Most of my suggestions were mentioned already  but I'll add

Superjail
Newsradio


----------



## highlordmugfug (Jan 3, 2011)

ZOMB13 said:


> Most of my suggestions were mentioned already  but I'll add
> 
> Superjail
> Newsradio


I have a shirt that is the Wardens tuxedo.


----------



## Matti_Ice (Feb 28, 2011)

king of the hill


----------



## mattofvengeance (Feb 28, 2011)

+1 for Californication. One of my favorites right now. Also, if you have showtime, check out Shameless. Fucking incredible show.


----------



## Daemoniac (Feb 28, 2011)

Any Adult Swim is fucking awesome value. Aqua Teen Hunger Force, Sealab 2021 and Harvey Birdman Attorney at Law are definitely my favorites 

EDIT: And a massive +1 to Drawn Together 

EDIT 2: And Daria. It _is_ meant for kids after a fashion, but fuck is it a great show. Really funny, sarcastic and all-around awesome.


----------



## metal_sam14 (Mar 1, 2011)

Skins, Family Guy, How I met your mother, big bang theory, metalokalypse, reno 911  the IT crowd, black books all do it for me


----------



## Chickenhawk (Mar 2, 2011)

metalmonster said:


> They made a movie recently , i'll let you check this out !



Watch the Drawn Together movie.

Right...

Fucking...

Now...

...

Trust me, it's worth it.


----------



## mattofvengeance (Mar 3, 2011)

Infinity Complex said:


> Watch the Drawn Together movie.
> 
> Right...
> 
> ...



There was a Drawn Together movie?! How the hell did I not know about this?!


----------



## metalmonster (Mar 3, 2011)

yeah there was a DT movie, watched it when it was released . Awesome stuff even if i do prefer the DT first season . 
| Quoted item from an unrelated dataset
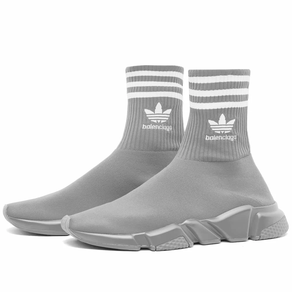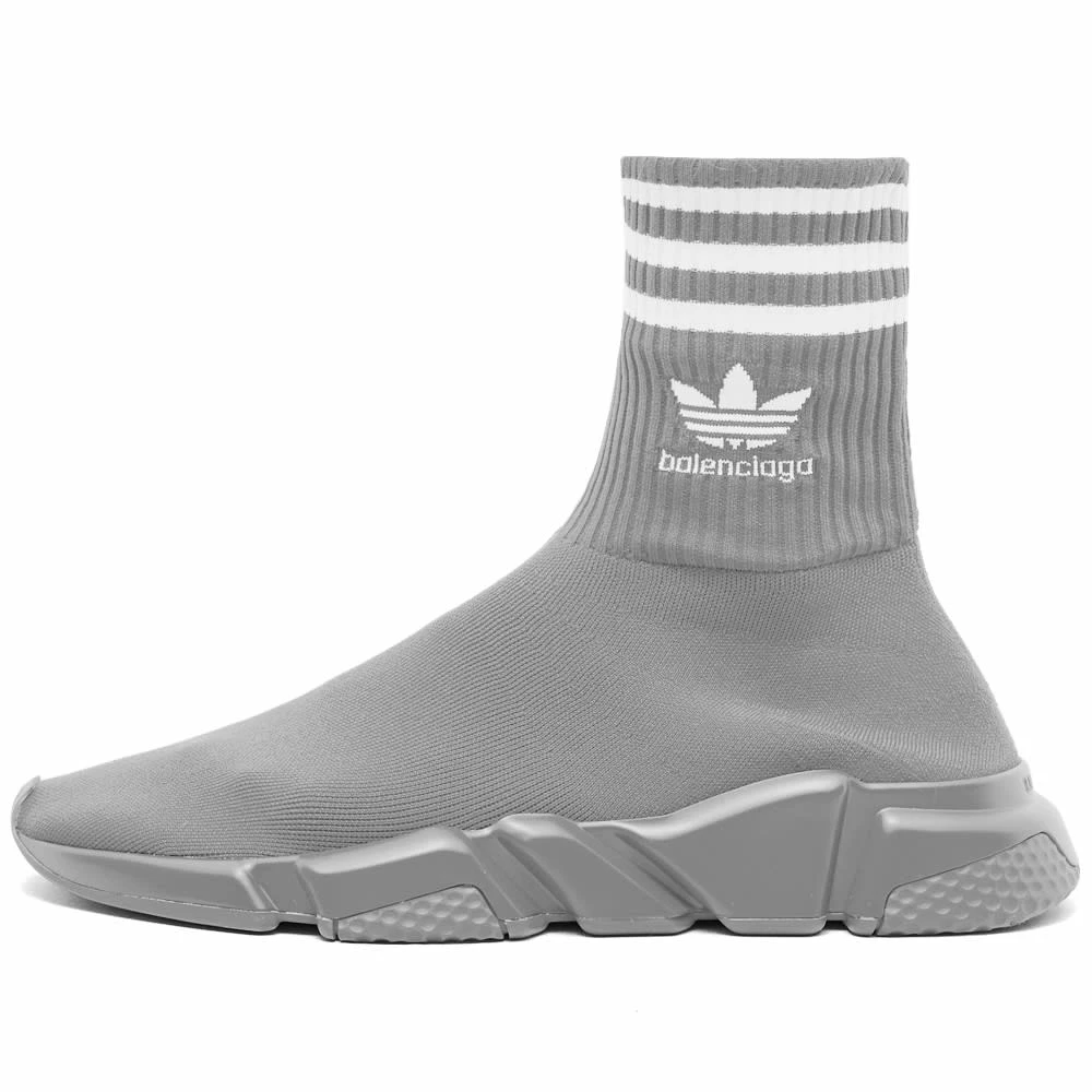 For its SPEED LT sneakers, Balenciaga takes inspiration from adidas’ archival sportswear and retro aesthetics. The signature sock-like uppers feature adidas’ iconic ‘3-Stripes’ motif, above a custom co-branded logo. This minimalist design sits on a moulded, chunky rubber sole for a minimalist silhouette.

Nowadays, i'm into Beavis & butthead  trying to cure my Daria addiction  

And Californication, and i also watched Dexter seasons 1 to 5


----------



## Bloody_Inferno (Mar 3, 2011)

Since some of my favorites have been mentioned:

The Inbetweeners.

The premise isn't really new, but watching it is so immensely awkward it feels so real, it's great as it is hillarious. Great acting too.


----------